(What is required): Required from the data below: the exact lines starting at the line containing "Being a demon" and ending at the line containing "Zweiteilige Fichtenholzdecke und", with both ends kept and all pictures dropped.

(Data records):
= = = = =
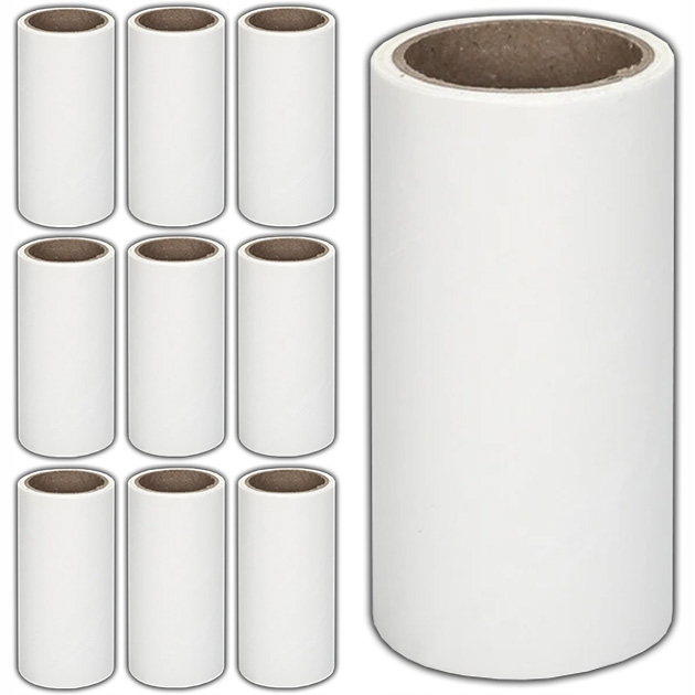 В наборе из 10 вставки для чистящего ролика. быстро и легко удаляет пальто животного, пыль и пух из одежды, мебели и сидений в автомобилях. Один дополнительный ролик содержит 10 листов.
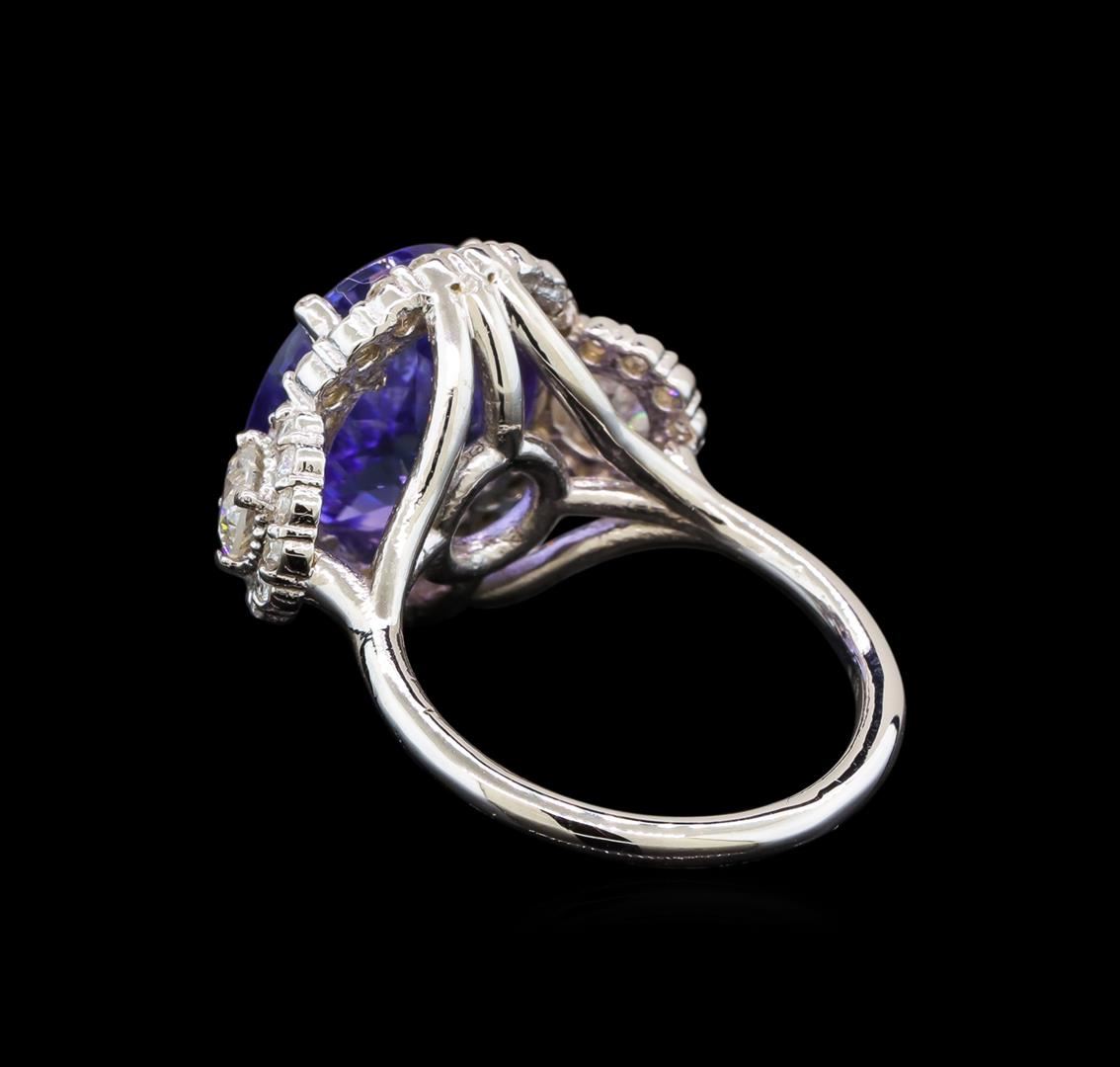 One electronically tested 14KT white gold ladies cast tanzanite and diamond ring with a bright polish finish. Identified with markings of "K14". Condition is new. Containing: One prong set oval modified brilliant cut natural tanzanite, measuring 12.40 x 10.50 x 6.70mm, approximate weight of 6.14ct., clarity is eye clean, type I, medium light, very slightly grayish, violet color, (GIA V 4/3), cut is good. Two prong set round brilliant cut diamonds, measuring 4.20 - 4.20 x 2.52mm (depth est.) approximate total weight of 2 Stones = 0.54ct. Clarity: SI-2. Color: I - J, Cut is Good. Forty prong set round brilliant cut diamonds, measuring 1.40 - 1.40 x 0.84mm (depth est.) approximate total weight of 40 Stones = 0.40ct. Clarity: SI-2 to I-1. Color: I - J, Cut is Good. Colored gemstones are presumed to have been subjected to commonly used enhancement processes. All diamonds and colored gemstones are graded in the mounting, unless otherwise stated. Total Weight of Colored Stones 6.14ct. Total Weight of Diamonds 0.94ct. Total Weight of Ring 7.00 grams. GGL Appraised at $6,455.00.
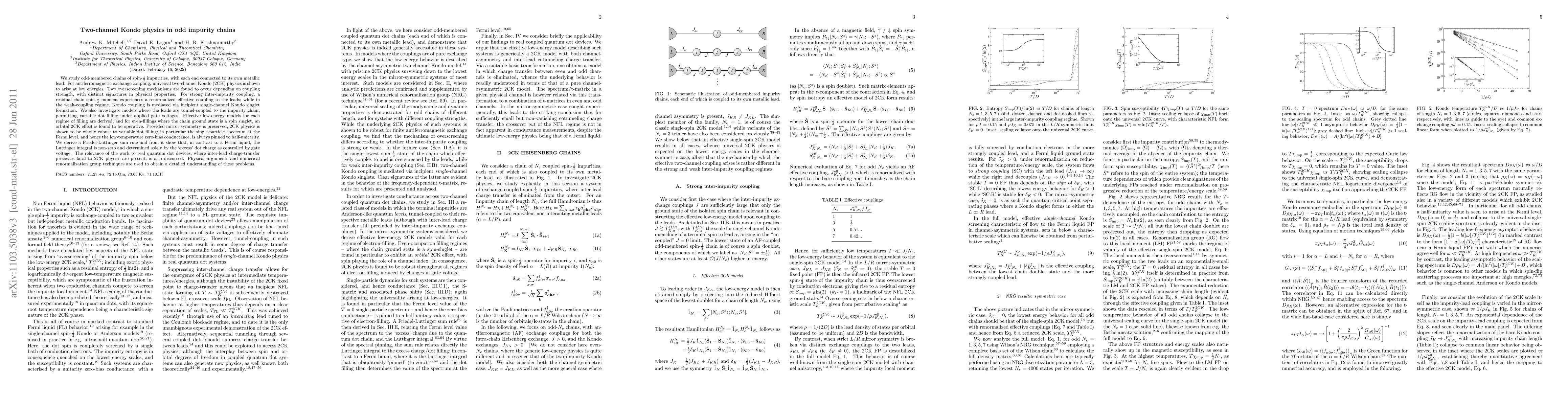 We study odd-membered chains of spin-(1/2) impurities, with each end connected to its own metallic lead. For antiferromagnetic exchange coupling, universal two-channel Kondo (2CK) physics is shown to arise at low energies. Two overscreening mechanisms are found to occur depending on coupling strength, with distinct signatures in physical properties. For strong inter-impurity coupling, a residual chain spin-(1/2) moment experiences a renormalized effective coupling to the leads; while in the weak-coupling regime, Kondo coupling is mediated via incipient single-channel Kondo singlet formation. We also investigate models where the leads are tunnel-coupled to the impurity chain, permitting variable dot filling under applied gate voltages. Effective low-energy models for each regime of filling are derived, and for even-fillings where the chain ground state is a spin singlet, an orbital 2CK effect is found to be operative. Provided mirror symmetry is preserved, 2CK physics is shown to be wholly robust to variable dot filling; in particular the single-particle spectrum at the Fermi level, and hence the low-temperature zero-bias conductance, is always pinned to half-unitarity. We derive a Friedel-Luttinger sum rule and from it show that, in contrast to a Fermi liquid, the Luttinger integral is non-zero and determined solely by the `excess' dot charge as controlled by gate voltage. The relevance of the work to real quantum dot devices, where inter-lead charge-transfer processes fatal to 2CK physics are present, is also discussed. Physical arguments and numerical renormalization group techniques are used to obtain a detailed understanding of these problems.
= = = = =
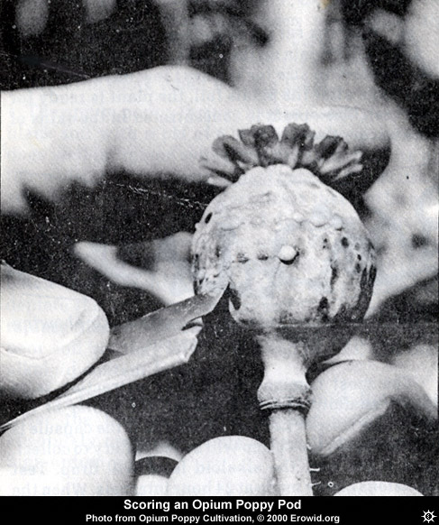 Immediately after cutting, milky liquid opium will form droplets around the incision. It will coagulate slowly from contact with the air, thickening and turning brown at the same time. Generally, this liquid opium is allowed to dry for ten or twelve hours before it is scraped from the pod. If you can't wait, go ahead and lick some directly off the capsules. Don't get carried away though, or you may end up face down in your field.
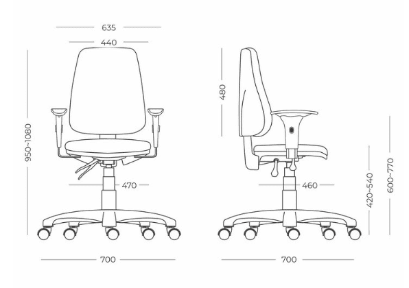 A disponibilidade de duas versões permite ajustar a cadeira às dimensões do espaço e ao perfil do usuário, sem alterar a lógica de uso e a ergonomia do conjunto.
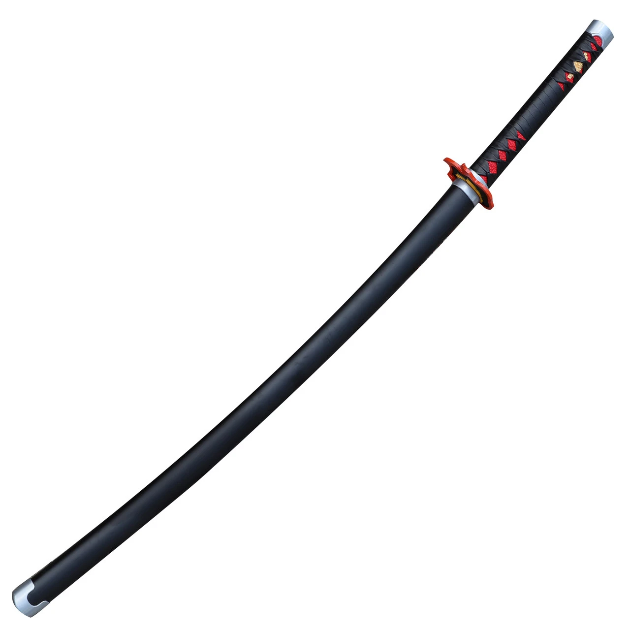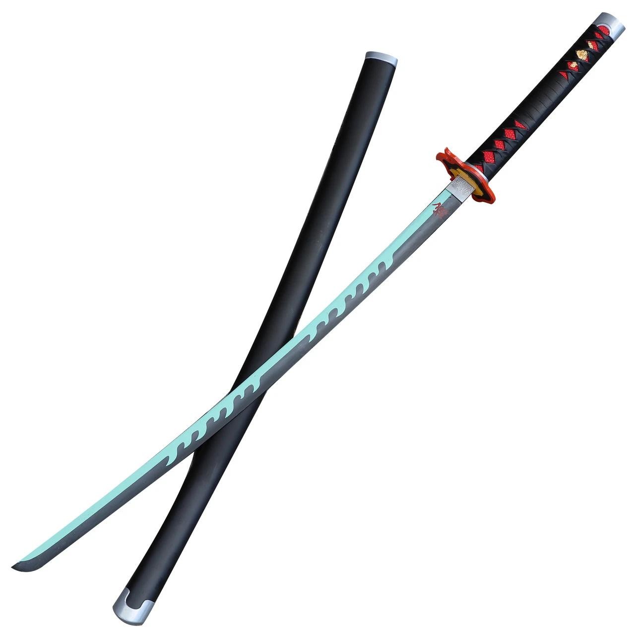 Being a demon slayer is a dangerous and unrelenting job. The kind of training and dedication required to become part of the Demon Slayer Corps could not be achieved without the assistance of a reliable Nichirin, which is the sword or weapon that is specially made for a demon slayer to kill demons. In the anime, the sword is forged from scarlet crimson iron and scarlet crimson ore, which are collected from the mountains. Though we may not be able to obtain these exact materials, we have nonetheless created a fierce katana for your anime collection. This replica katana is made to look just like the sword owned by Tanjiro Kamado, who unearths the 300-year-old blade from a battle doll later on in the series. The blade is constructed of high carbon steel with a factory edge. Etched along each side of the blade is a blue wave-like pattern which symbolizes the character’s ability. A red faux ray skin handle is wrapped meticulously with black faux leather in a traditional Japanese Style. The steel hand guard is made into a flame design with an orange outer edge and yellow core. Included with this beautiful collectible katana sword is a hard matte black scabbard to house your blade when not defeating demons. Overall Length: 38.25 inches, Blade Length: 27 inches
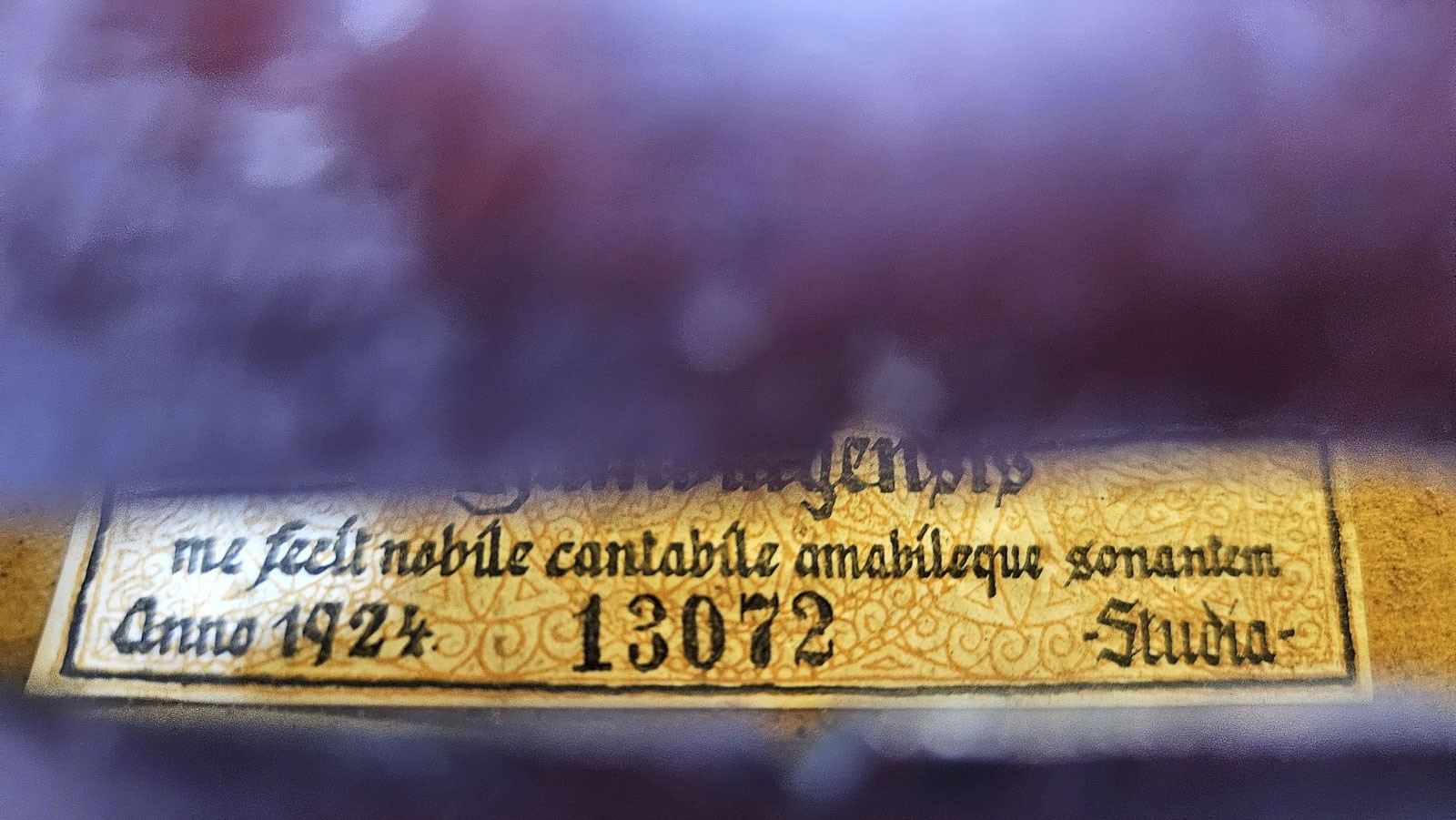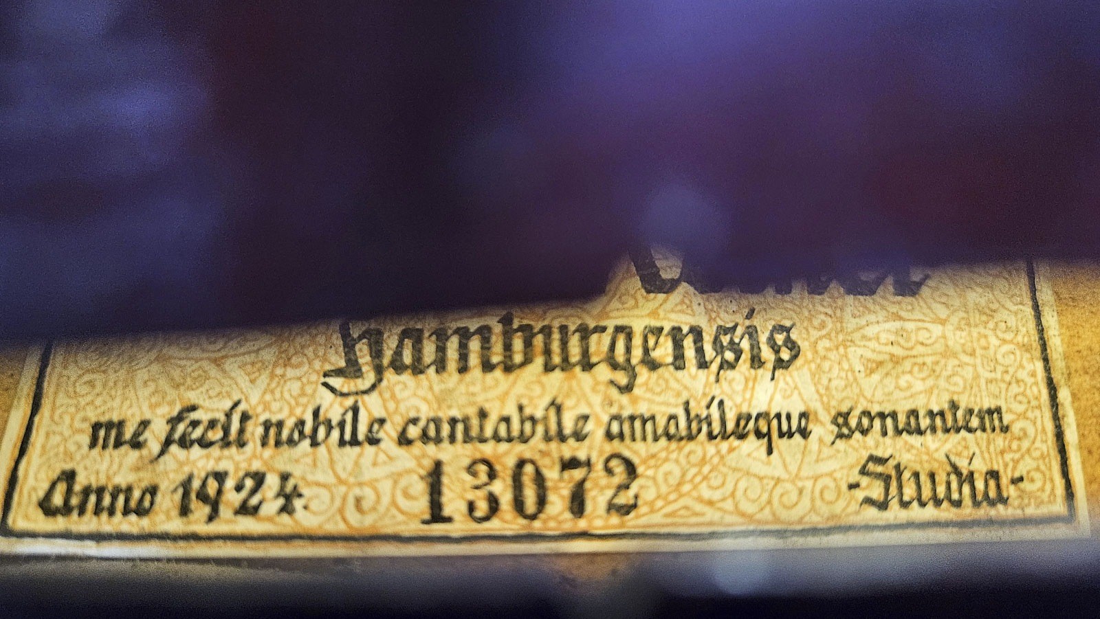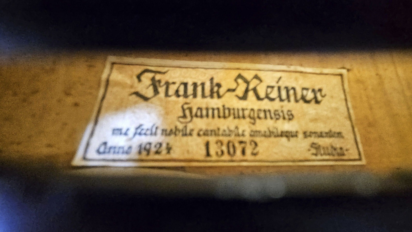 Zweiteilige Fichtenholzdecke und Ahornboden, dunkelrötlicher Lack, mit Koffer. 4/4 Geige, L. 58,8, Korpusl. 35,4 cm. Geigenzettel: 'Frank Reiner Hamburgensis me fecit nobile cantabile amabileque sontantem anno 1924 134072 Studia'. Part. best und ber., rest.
= = = = =
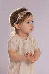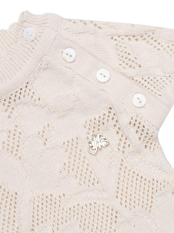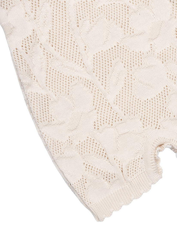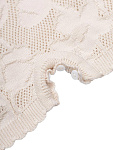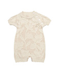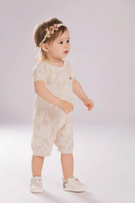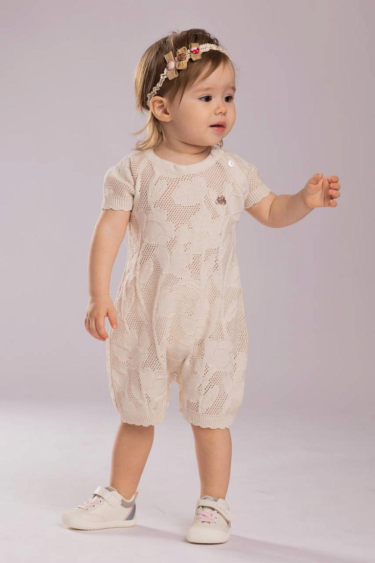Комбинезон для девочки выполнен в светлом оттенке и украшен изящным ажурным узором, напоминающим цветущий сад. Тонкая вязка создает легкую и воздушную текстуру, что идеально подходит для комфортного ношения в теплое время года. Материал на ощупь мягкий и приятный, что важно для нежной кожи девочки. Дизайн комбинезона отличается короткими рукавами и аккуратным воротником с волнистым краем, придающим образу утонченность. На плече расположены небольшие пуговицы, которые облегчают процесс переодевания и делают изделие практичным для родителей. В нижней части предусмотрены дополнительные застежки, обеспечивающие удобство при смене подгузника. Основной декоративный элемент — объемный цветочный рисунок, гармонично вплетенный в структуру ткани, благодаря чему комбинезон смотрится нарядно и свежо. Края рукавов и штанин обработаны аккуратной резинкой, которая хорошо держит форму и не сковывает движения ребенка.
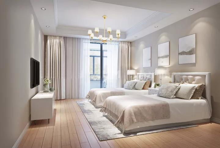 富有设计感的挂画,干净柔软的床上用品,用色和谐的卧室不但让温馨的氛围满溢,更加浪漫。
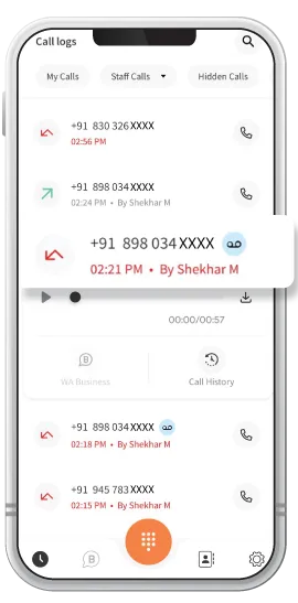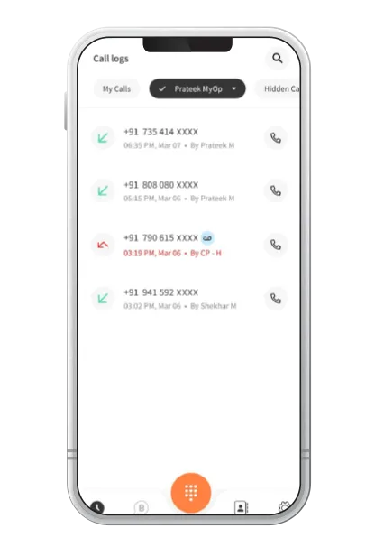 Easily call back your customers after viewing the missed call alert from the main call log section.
= = = = =
(Exercise solution):
 Being a demon slayer is a dangerous and unrelenting job. The kind of training and dedication required to become part of the Demon Slayer Corps could not be achieved without the assistance of a reliable Nichirin, which is the sword or weapon that is specially made for a demon slayer to kill demons. In the anime, the sword is forged from scarlet crimson iron and scarlet crimson ore, which are collected from the mountains. Though we may not be able to obtain these exact materials, we have nonetheless created a fierce katana for your anime collection. This replica katana is made to look just like the sword owned by Tanjiro Kamado, who unearths the 300-year-old blade from a battle doll later on in the series. The blade is constructed of high carbon steel with a factory edge. Etched along each side of the blade is a blue wave-like pattern which symbolizes the character’s ability. A red faux ray skin handle is wrapped meticulously with black faux leather in a traditional Japanese Style. The steel hand guard is made into a flame design with an orange outer edge and yellow core. Included with this beautiful collectible katana sword is a hard matte black scabbard to house your blade when not defeating demons. Overall Length: 38.25 inches, Blade Length: 27 inches
 Zweiteilige Fichtenholzdecke und Ahornboden, dunkelrötlicher Lack, mit Koffer. 4/4 Geige, L. 58,8, Korpusl. 35,4 cm. Geigenzettel: 'Frank Reiner Hamburgensis me fecit nobile cantabile amabileque sontantem anno 1924 134072 Studia'. Part. best und ber., rest.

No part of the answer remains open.